=== REQUIREMENT ===
Word-for-word transcription needed. Include every entry below but no pictures.

[Collected data entries]
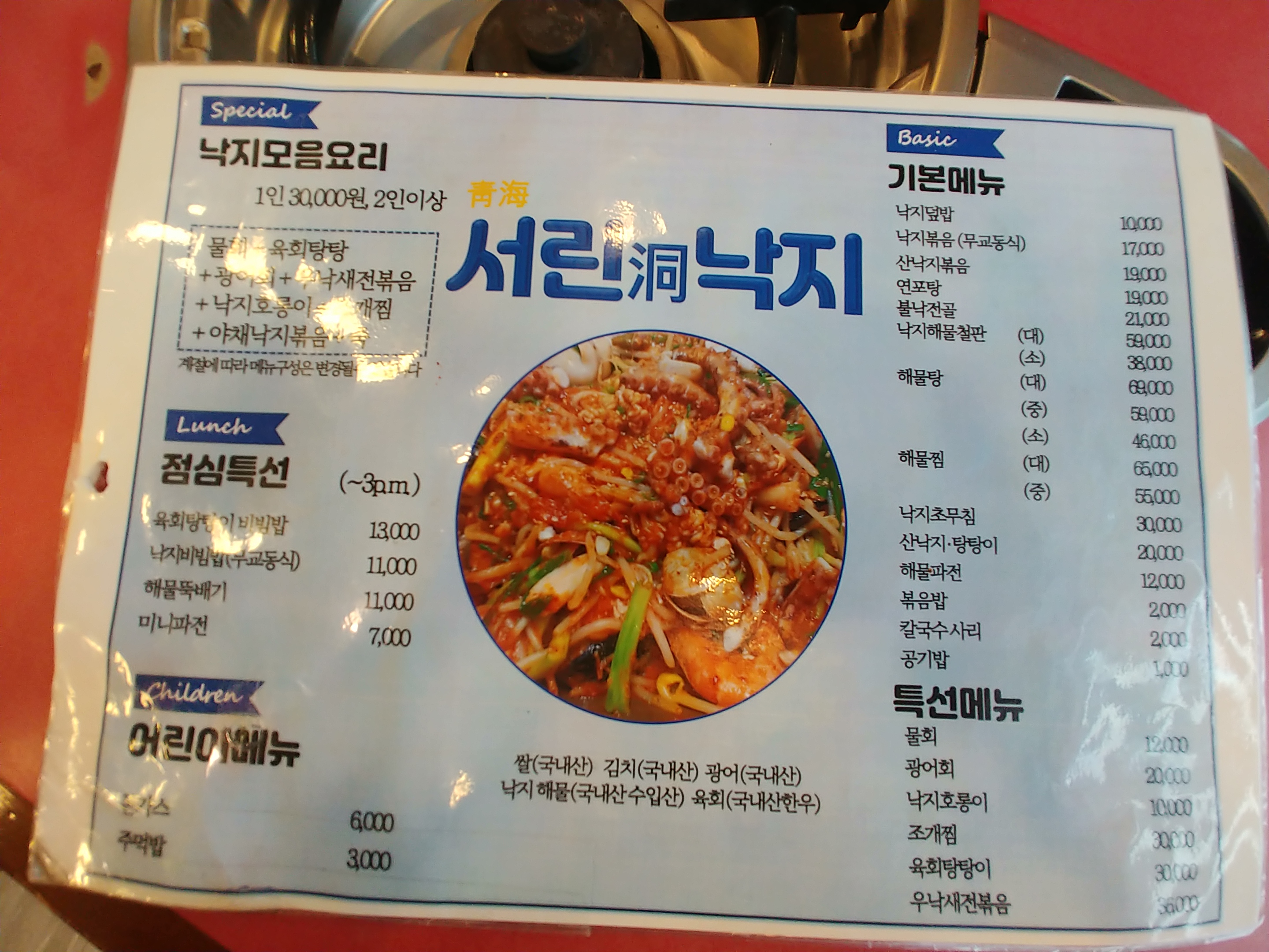 메뉴로 낙지볶음 ,연포탕,11가지이상 해물로 맛을 낸 해물찜, 불낙전골(2인이상), 낙지철판볶음(2인이상)있습니다.
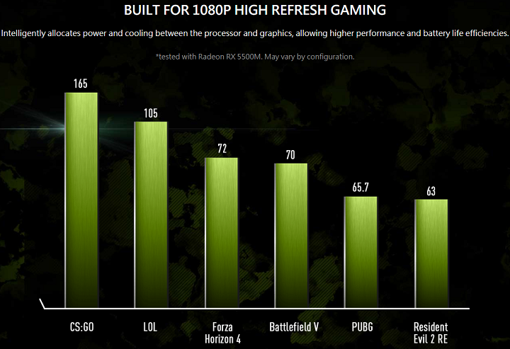 Напомним, мобильная версия Radeon RX 5500 4GB оперирует тем же числом потоковых процессоров RDNA (1408 единиц), что и десктопный аналог, но при этом довольствуется более скромными частотами GPU — до 1448/1645 МГц (Game/Boost Clock) против 1717/1845 МГц. Впрочем, даже при этом она способна выдать более 60 fps во многих ААА-проектах со средневысокими настройками качества графики.
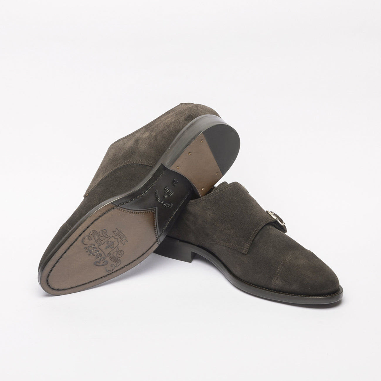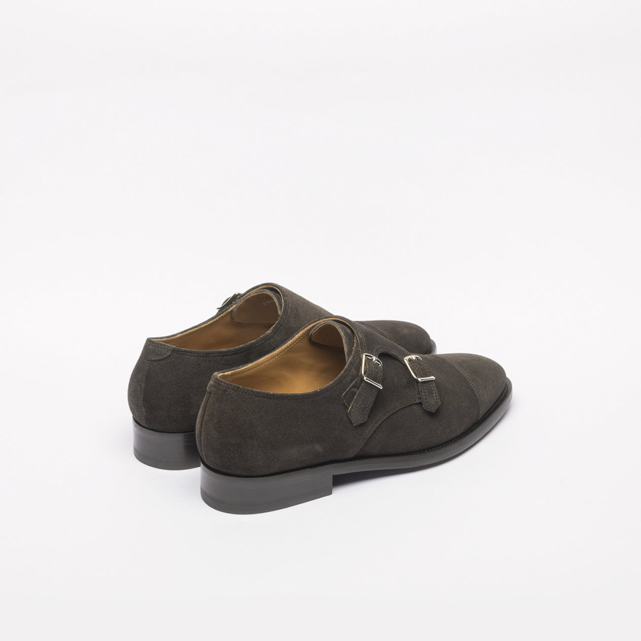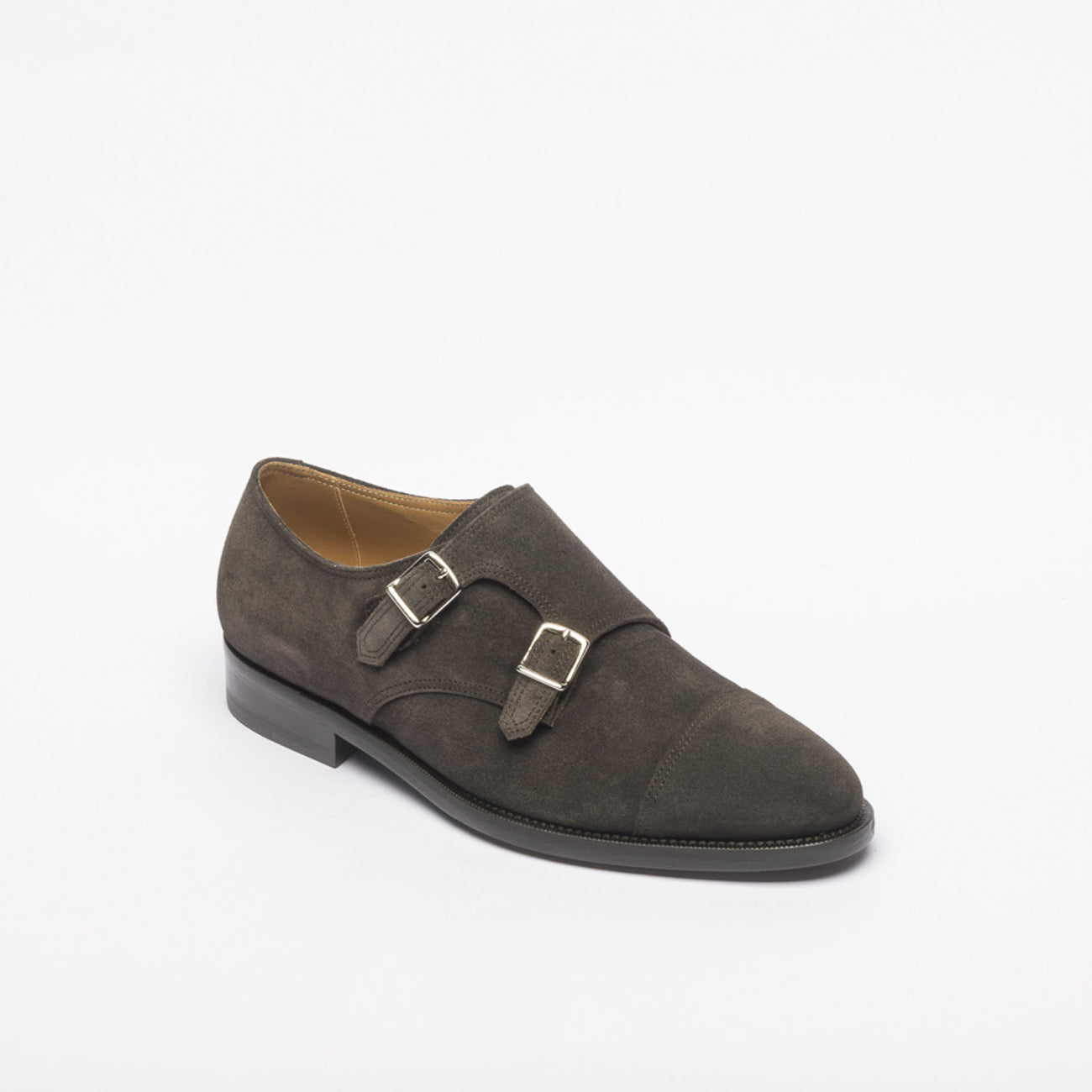 Doppia fibbia in pelle di vitello marrone, puntale cucito, fodera e soletta in pelle, intersuola in cuoio, mono fondo in cuoio.
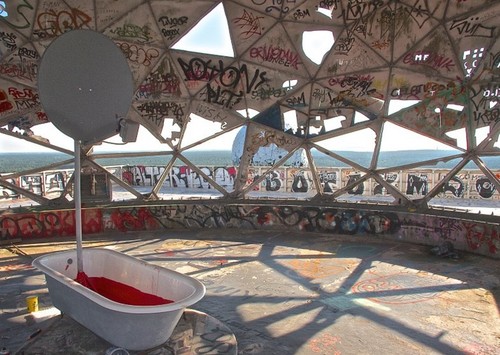 인스털레이션 작가인 더크 크리흐팅은 감청 시설이 들어있던 둥근 돔 아래의 테라스에 욕조를 가져다 놓고 붉은 잉크를 풀어놓아 이른바 ‘핏빛 욕조’를 선보였다. 작가은 이같은 도청 시설이 무의미하다는 것을 공격적으로 보여주고 싶었다‘고 말하고 있다.
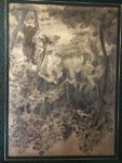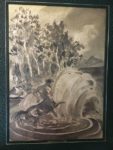 GUÉRIN (Maurice de ). Le Centaure et la Bacchante. Avec préface de Louis Barthou. A Paris, Le Livre Contemporain, 1931. In-4°, maroquin vert sombre, large décor géométrique estampé à froid ornant les plats, dos lisse muet orné du même décor, tranches dorées sur témoin, doublures imprimées sur soie argentée, couverture illustrée conservée, chemise et étui (G. Cretté succ. de Marius Michel). 49 bois en couleurs dans le texte dont certains à pleine page, par Jules CHADEL. Tiré à 121 exemplaires, celui-ci (n° 53), imprimé pour M. Maurice Lange. Exemplaire UNIQUE enrichi de HUIT DESSINS ORIGINAUX en couleurs sur chine, dont deux ayant servis à l'illustration des doublures. Étui et chemise passée. TRÈS BEL EXEMPLAIRE RELIÉ PAR GEORGES CRETTÉ.
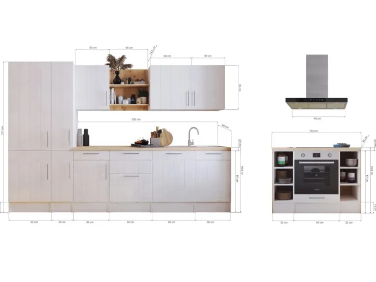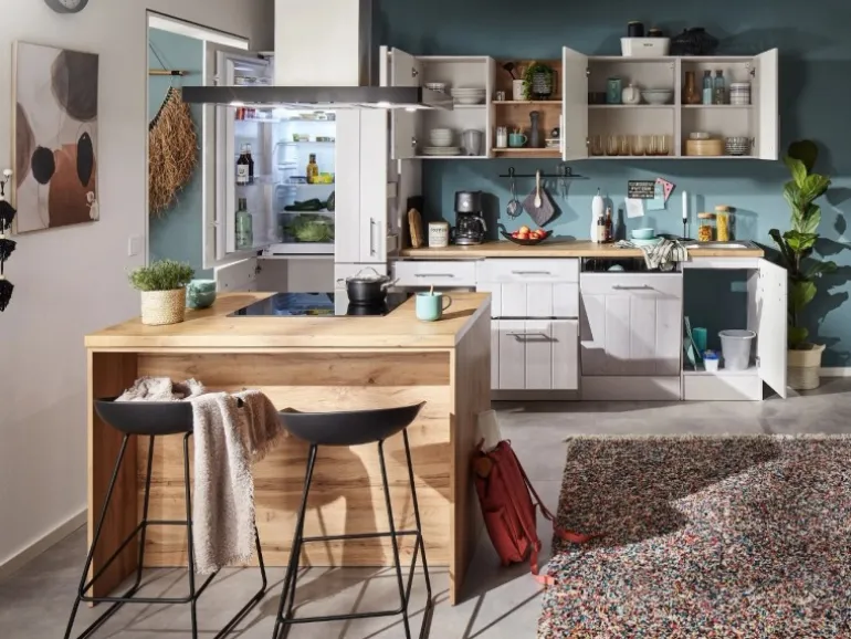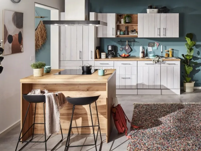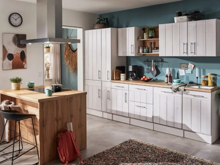 Die Anton Landhaus Küchenfamilie hat eine Erweiterung erhalten: Sowohl Küchenzeilen als auch L-Küchen mit einer Breite von 280 cm oder 310 cm sind jetzt auch mit einer Kücheninsel erhältlich. Es gibt zwei Varianten der Landhaus Inselküchen. Bei der ersten Variante sind alle Elektrogeräte in der Küche eingebaut, während die Insel als zusätzliche Arbeitsfläche dient. Die zweite Variante umfasst eine Insel, die mit einem autarken Backofenset und einer Inselhaube ausgestattet ist. Dieses Set besteht aus einem Backofen und einem Induktionskochfeld mit einer Breite von 59 cm. Unabhängig von der Variante kann die Insel sowohl freistehend als auch wandnah aufgestellt werden, was eine individuelle Anpassung an deinen Küchenraum ermöglicht. Ausgestattet mit einer 38 mm starken Arbeitsplatte, Metallgriffen und Soft-Close Scharnieren sorgt die Anton Küchenfamilie für hohen Bedienkomfort und eine lange Lebensdauer.
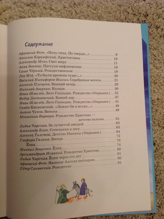 Сборник отличный!!!! В него вошли стихи известных русских классиков и православных авторов о Рождестве, есть сказки и рассказы. В прошлом году она нам оказалась рановата, попробуем в этом году. Книга явно не для малышей, я бы сказала на дошкольный и младший школьный возраст.
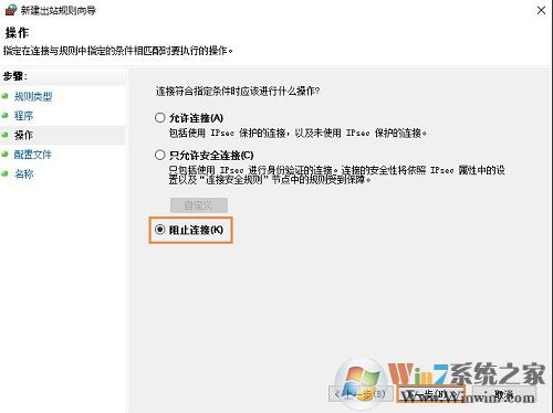 5、找到需要禁止的程序,勾选“阻止连接”,然后按照提示完成操作就可以了。
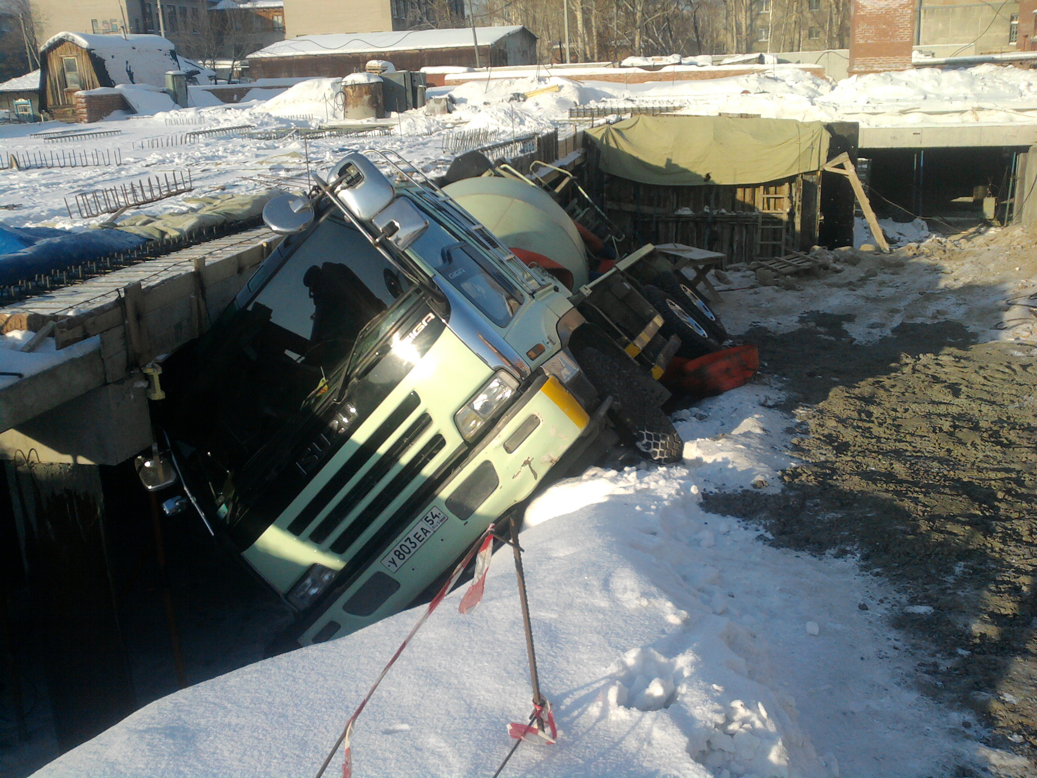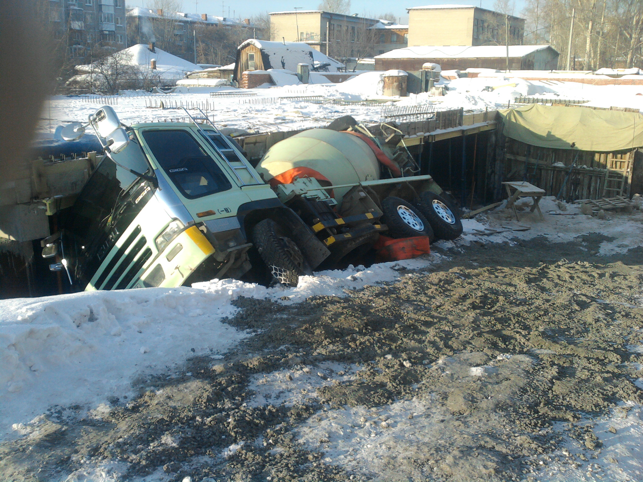 Похоже ентот Миксер живёт там, даже следов от колёсов не видать. А если он с бетоном, то сколько килограммов получается? Кран однако скоро рядом ляжет.

=== REPLY TO THE TASK ===
 메뉴로 낙지볶음 ,연포탕,11가지이상 해물로 맛을 낸 해물찜, 불낙전골(2인이상), 낙지철판볶음(2인이상)있습니다.
 Напомним, мобильная версия Radeon RX 5500 4GB оперирует тем же числом потоковых процессоров RDNA (1408 единиц), что и десктопный аналог, но при этом довольствуется более скромными частотами GPU — до 1448/1645 МГц (Game/Boost Clock) против 1717/1845 МГц. Впрочем, даже при этом она способна выдать более 60 fps во многих ААА-проектах со средневысокими настройками качества графики.
 Doppia fibbia in pelle di vitello marrone, puntale cucito, fodera e soletta in pelle, intersuola in cuoio, mono fondo in cuoio.
 인스털레이션 작가인 더크 크리흐팅은 감청 시설이 들어있던 둥근 돔 아래의 테라스에 욕조를 가져다 놓고 붉은 잉크를 풀어놓아 이른바 ‘핏빛 욕조’를 선보였다. 작가은 이같은 도청 시설이 무의미하다는 것을 공격적으로 보여주고 싶었다‘고 말하고 있다.
 GUÉRIN (Maurice de ). Le Centaure et la Bacchante. Avec préface de Louis Barthou. A Paris, Le Livre Contemporain, 1931. In-4°, maroquin vert sombre, large décor géométrique estampé à froid ornant les plats, dos lisse muet orné du même décor, tranches dorées sur témoin, doublures imprimées sur soie argentée, couverture illustrée conservée, chemise et étui (G. Cretté succ. de Marius Michel). 49 bois en couleurs dans le texte dont certains à pleine page, par Jules CHADEL. Tiré à 121 exemplaires, celui-ci (n° 53), imprimé pour M. Maurice Lange. Exemplaire UNIQUE enrichi de HUIT DESSINS ORIGINAUX en couleurs sur chine, dont deux ayant servis à l'illustration des doublures. Étui et chemise passée. TRÈS BEL EXEMPLAIRE RELIÉ PAR GEORGES CRETTÉ.
 Die Anton Landhaus Küchenfamilie hat eine Erweiterung erhalten: Sowohl Küchenzeilen als auch L-Küchen mit einer Breite von 280 cm oder 310 cm sind jetzt auch mit einer Kücheninsel erhältlich. Es gibt zwei Varianten der Landhaus Inselküchen. Bei der ersten Variante sind alle Elektrogeräte in der Küche eingebaut, während die Insel als zusätzliche Arbeitsfläche dient. Die zweite Variante umfasst eine Insel, die mit einem autarken Backofenset und einer Inselhaube ausgestattet ist. Dieses Set besteht aus einem Backofen und einem Induktionskochfeld mit einer Breite von 59 cm. Unabhängig von der Variante kann die Insel sowohl freistehend als auch wandnah aufgestellt werden, was eine individuelle Anpassung an deinen Küchenraum ermöglicht. Ausgestattet mit einer 38 mm starken Arbeitsplatte, Metallgriffen und Soft-Close Scharnieren sorgt die Anton Küchenfamilie für hohen Bedienkomfort und eine lange Lebensdauer.
 Сборник отличный!!!! В него вошли стихи известных русских классиков и православных авторов о Рождестве, есть сказки и рассказы. В прошлом году она нам оказалась рановата, попробуем в этом году. Книга явно не для малышей, я бы сказала на дошкольный и младший школьный возраст.
 5、找到需要禁止的程序,勾选“阻止连接”,然后按照提示完成操作就可以了。
 Похоже ентот Миксер живёт там, даже следов от колёсов не видать. А если он с бетоном, то сколько килограммов получается? Кран однако скоро рядом ляжет.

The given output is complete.